Si avvicinò un marinaio e rivolgendosi alla sexy nonnina, con occhio molto attento alla sua scollatura:”Signora, a bordo forniamo anche un servizio di baby sitting; al ponte inferiore c'è una sala adibita ai giochi dei bambini. Non si preoccupi di nulla, suo nipote verrà seguito da personale specializzato”.
La signora formosa si prese qualche secondo di riflessione; osservò il nipote, guardò me più di qualche secondo, attenzionò le persone presenti e poi disse al marinaio:“Forse sì, è meglio che Luca vada a giocare altrove, così anche io potrò rilassarmi un po'” - tornando a guardarmi coi suoi occhiali da sole e poi, rivolgendosi al nipote - “dai Luca, ti porto a giocare con gli altri bambini, andiamo, su!”.
Si allontanarono tutti e tre insieme ed inforcarono una delle porte stagne del ponte.
Io ripresi la mia lettura, in mezzo al brusìo delle numerose persone presenti.
Trascorsero una ventina di minuti e la signora tornò sul ponte; con passo volutamente cadenzato si diresse verso di me.
“Mi scusi ancora per quel discolo di mio nipote. I suoi genitori hanno ancora da lavorare e quindi ho deciso di portarlo in vacanza con me, ma è un bell'impegno”.
“Nessun problema, davvero. Si accomodi pure. Possiamo darci del tu? Piacere, Davide”.
“Ines, piacere mio”, accavallando le gambe, togliendo gli occhiali da sole con fare sensuale e rivelando la forma ed il colore dei suoi occhi; verde smeraldo, molto belli.
“Tuo nipote ha gradito la sala dei giochi?”.
“Si, infatti s'è subito fiondato sul tappeto elastico, credo che vorrà rimanerci fino al nostro arrivo”.
“Buon per noi Ines.

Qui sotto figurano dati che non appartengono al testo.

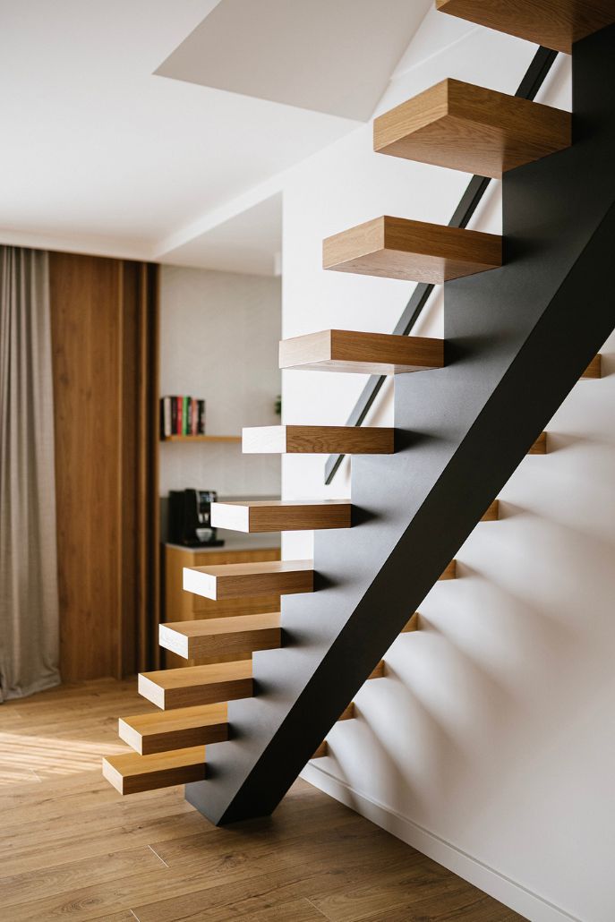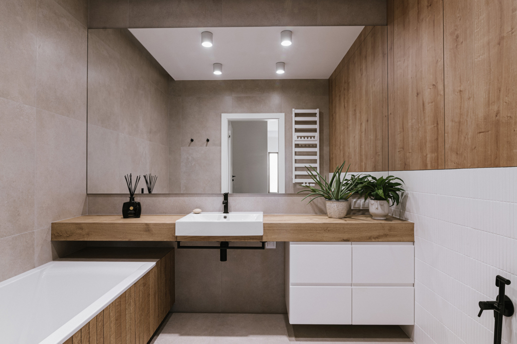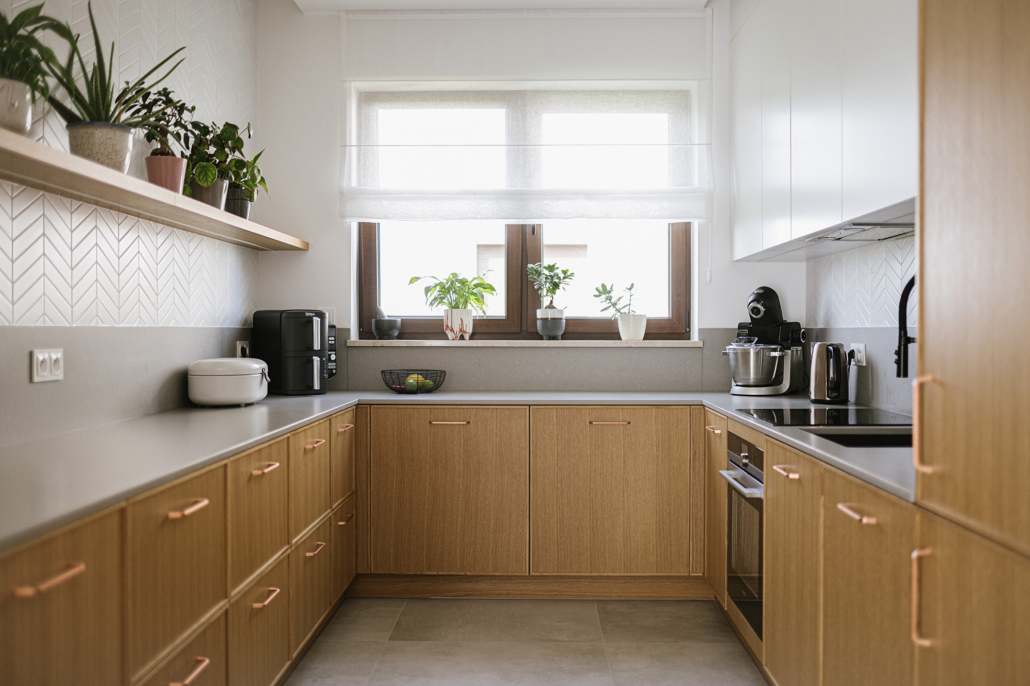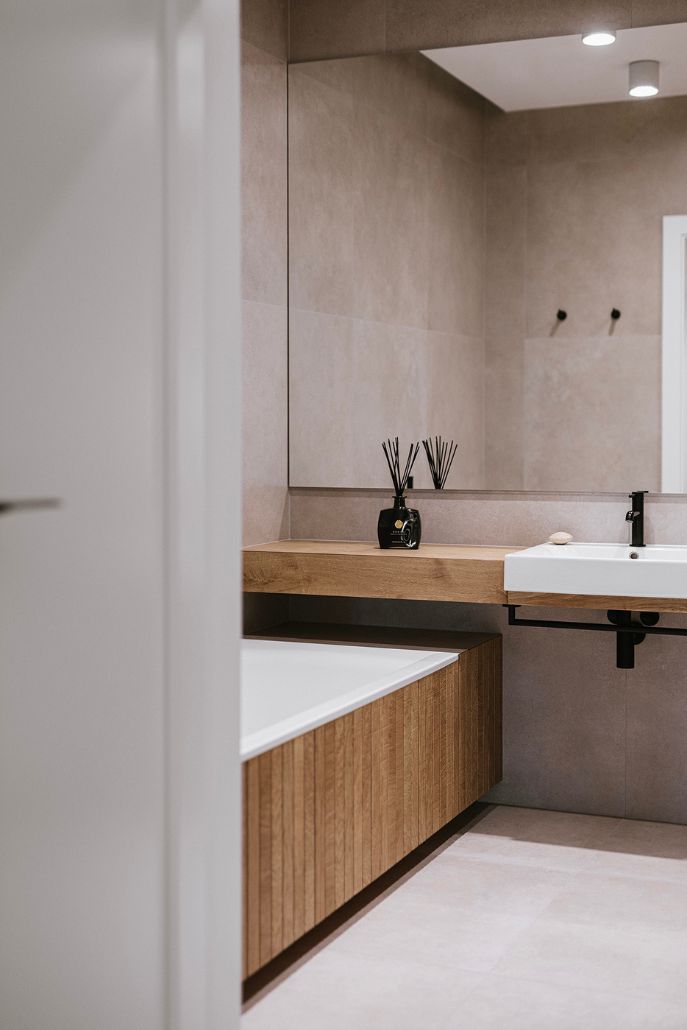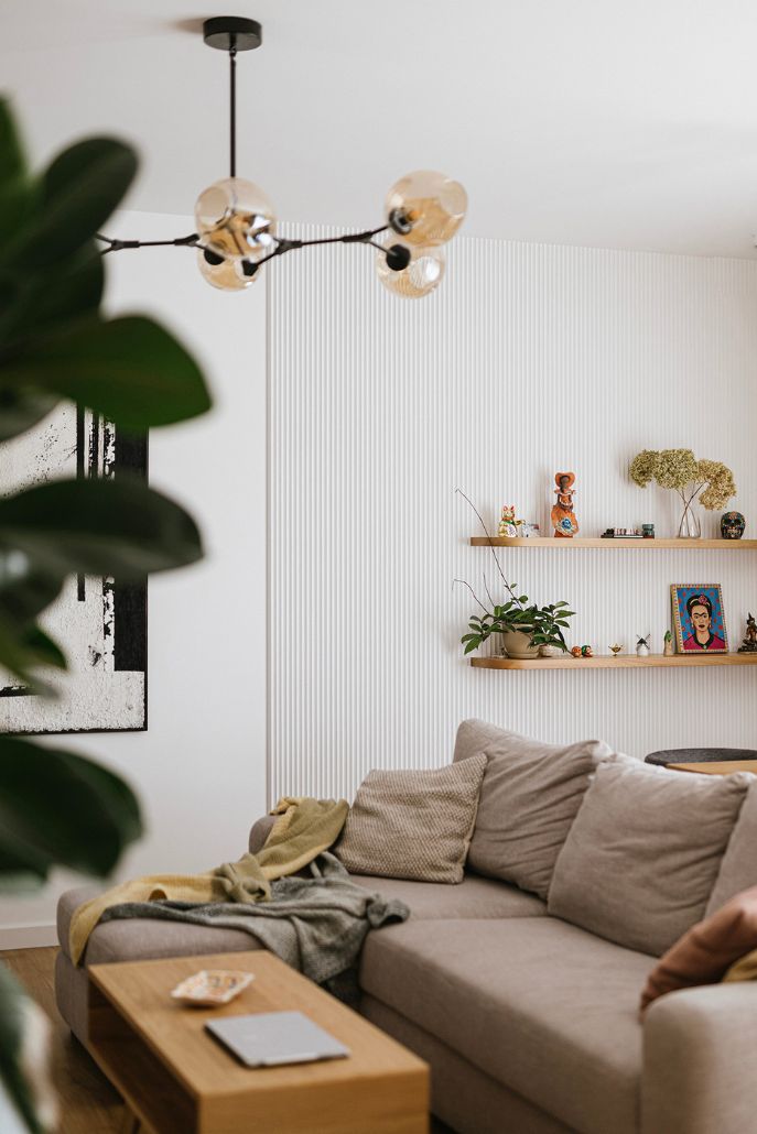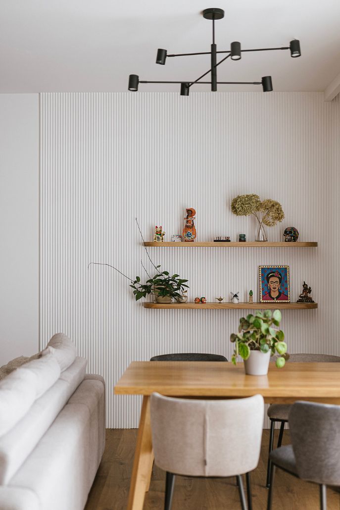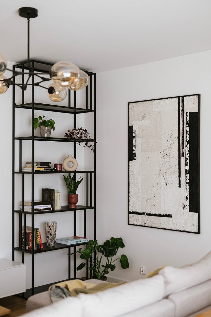 Wnętrza na zdjęciach zaprojektowane są w nowoczesnym stylu skandynawskim z elementami minimalizmu. Dominuje naturalne drewno, biel i szarości, które nadają wnętrzu ciepła i elegancji. Proste formy mebli, czarne akcenty i duża ilość roślin podkreślają harmonijny, funkcjonalny charakter aranżacji. Styl ten łączy przytulność z nowoczesnością, tworząc przestrzeń jasną, przestronną i sprzyjającą codziennemu relaksowi.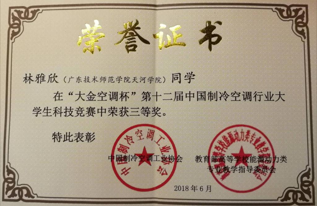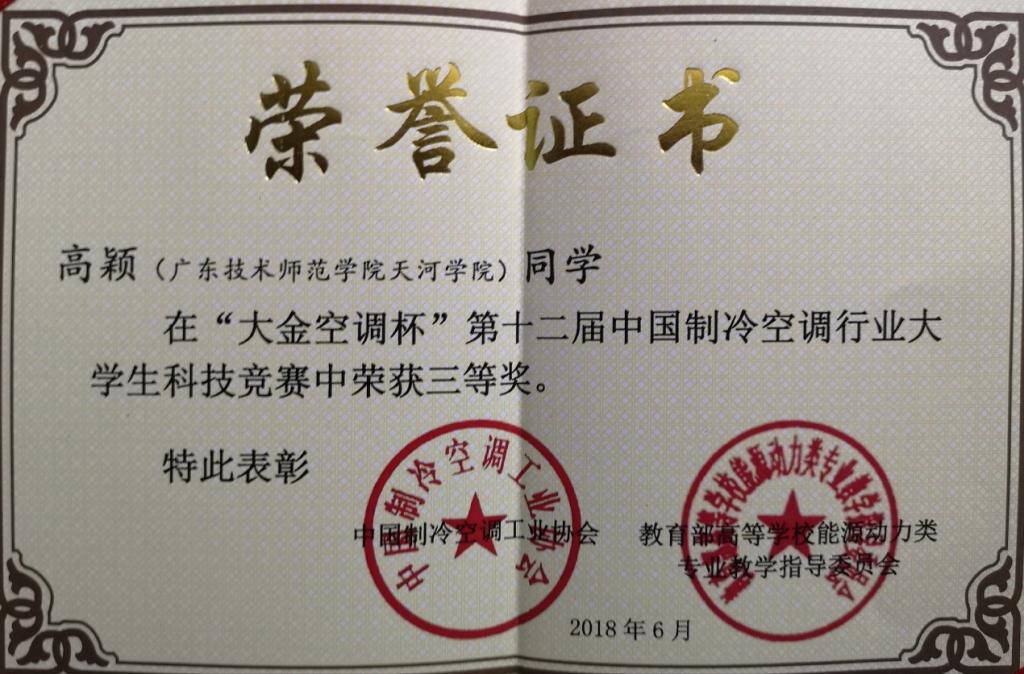 6月26日—6月27日,williamhill中国官网建环专业学生高颖、林雅欣、吴冰冰同学组成“对对队”团队,代表我校参加了“大金空调杯”第十二届中国制冷空调行业大学生科技竞赛,经过约克工厂实操+创新作品答辩+专业知识竞答三个竞争激烈的比赛环节,最后获得科技竞赛三等奖。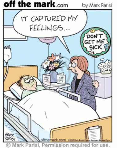 Don't Get Me Sick Balloon Woman brings man in hospital a balloon that says Don't Get Me Sick.

Avevo già prenotato un tavolo per pranzo e visto che è quasi ora, ti va di farmi compagnia?”.
“Molto volentieri, Davide”.
Infilai il mio libro nello zaino, mi alzai dalla panchina, le tesi la mia mano e l'aiutai a sollevarsi. Le cinsi il fianco, con le dita quasi sul gluteo, e ci incamminammo verso il ristorante.
Durante il pranzo parlammo della nostra vita, scambiandoci informazioni tutto sommato di poca rilevanza; numerosi furono invece i doppi sensi a sfondo erotico sessuale volutamente utilizzati da entrambi, fino a quando mi chiese:”Ho visto il titolo del tuo libro e mi ha incuriosita tanto; come mai ti dedichi a queste letture?“.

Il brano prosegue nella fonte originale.